Realtime Software Synthesis for Psychoacoustic Experiments

David S. Sullivan Jr., Stephan Moore, and Ichiro Fujinaga

Computer Music Department sullivan@peabody.jhu.edu
The Peabody Institute of the Johns Hopkins University stephan@peabody.jhu.edu
One East Mount Vernon Place ich@peabody.jhu.edu
Baltimore MD 21202 U.S.A.

Abstract

New realtime sound synthesis software will allow psychoacoustic researchers to efficiently design and implement sophisticated test instruments that involve realtime interactivity with test subjects. Such interaction in psychoacoustic experiments has historically been constrained by the same limitations affecting realtime sound synthesis. A new model for sound synthesis, made possible through recent advances in computer hardware, supports software that synthesizes CD-quality audio in realtime and can base this synthesis on realtime user interactivity. We demonstrate this new software-based model in experimental settings, and discuss its nature and abilities.

Because of the large amount of information required to describe CD-quality sound, and the time-sensitive nature of sound production, synthesis software for personal computers has not been primarily designed to perform realtime sound synthesis.
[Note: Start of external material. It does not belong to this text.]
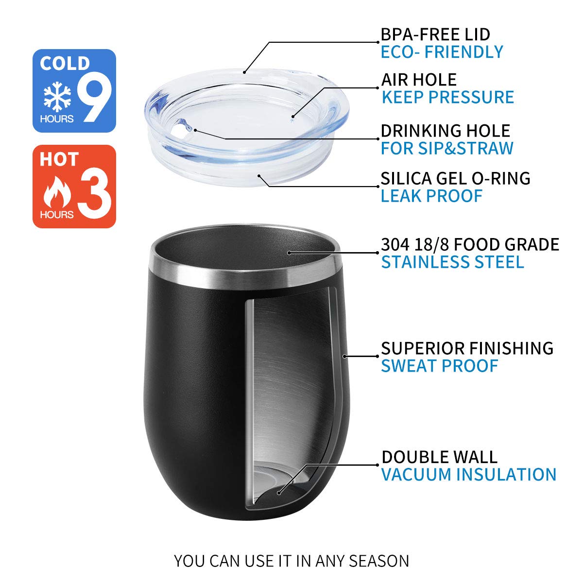 - Ang 12 onsa na kapasidad ay perpekto para sa pagdala sa paligid, maging sa paaralan, opisina, gym o sa labas. Madali itong dumulas sa may hawak ng tasa ng kotse, ang rack ng bisikleta o ang bag sa magkabilang panig ng backpack. Kung saan mo masisiyahan ang kasiyahan ng Travel Tumbler. (Tandaan: Panatilihin ang isang tamang dami ng likido upang maiwasan ito mula sa pag -apaw).

Continuous data have not been easy to incorporate into current or subsequent stimuli. These limitations have made multiple pieces of equipment necessary in most setups. In the new realtime software synthesis model, all input, sound synthesis, and output are controlled by one device.

Because of recent advances in processor power and standard memory configurations, realtime synthesis has become practical, and engineers are now designing for it. Three new examples of realtime synthesis software are SuperCollider, MSP, and Pd (Pure Data). These applications have the advantage of combining great processor power with a highly configurable user interface, and can accomplish complex manipulation of sound in realtime. The combination of powerful, relatively low-priced computers with this new software makes possible a degree of control and flexibility not previously available to most researchers.

While experimenters are given new tools with these packages, the presence of these instruments as software on a computer facilitates integration of standard experimental techniques. With these new tools, researchers will have access to a new degree of flexibility and precision, enabling them to create more subtle and replicable test instruments that can interact with subjects in realtime.

Overview

New realtime sound synthesis software will allow psychoacoustic researchers to efficiently design and implement sophisticated test instruments that involve realtime interactivity with test subjects. Such interaction in psychoacoustic experiments has historically been constrained by the same limitations affecting realtime sound synthesis. A new model for sound synthesis, made possible through recent advances in computer hardware, supports software that synthesizes CD-quality audio in realtime and can base this synthesis on realtime user interactivity. We demonstrate this new software-based model in experimental settings, and discuss its nature and abilities.

Because of the large amount of information required to describe CD-quality sound and the time-sensitive nature of sound production, synthesis software for personal computers has not been primarily designed to perform realtime sound synthesis. Continuous data have not been easy to incorporate into current or subsequent stimuli. These limitations have made multiple pieces of equipment necessary in most setups. In the new realtime software synthesis model, all input, sound synthesis, and output are controlled by one device.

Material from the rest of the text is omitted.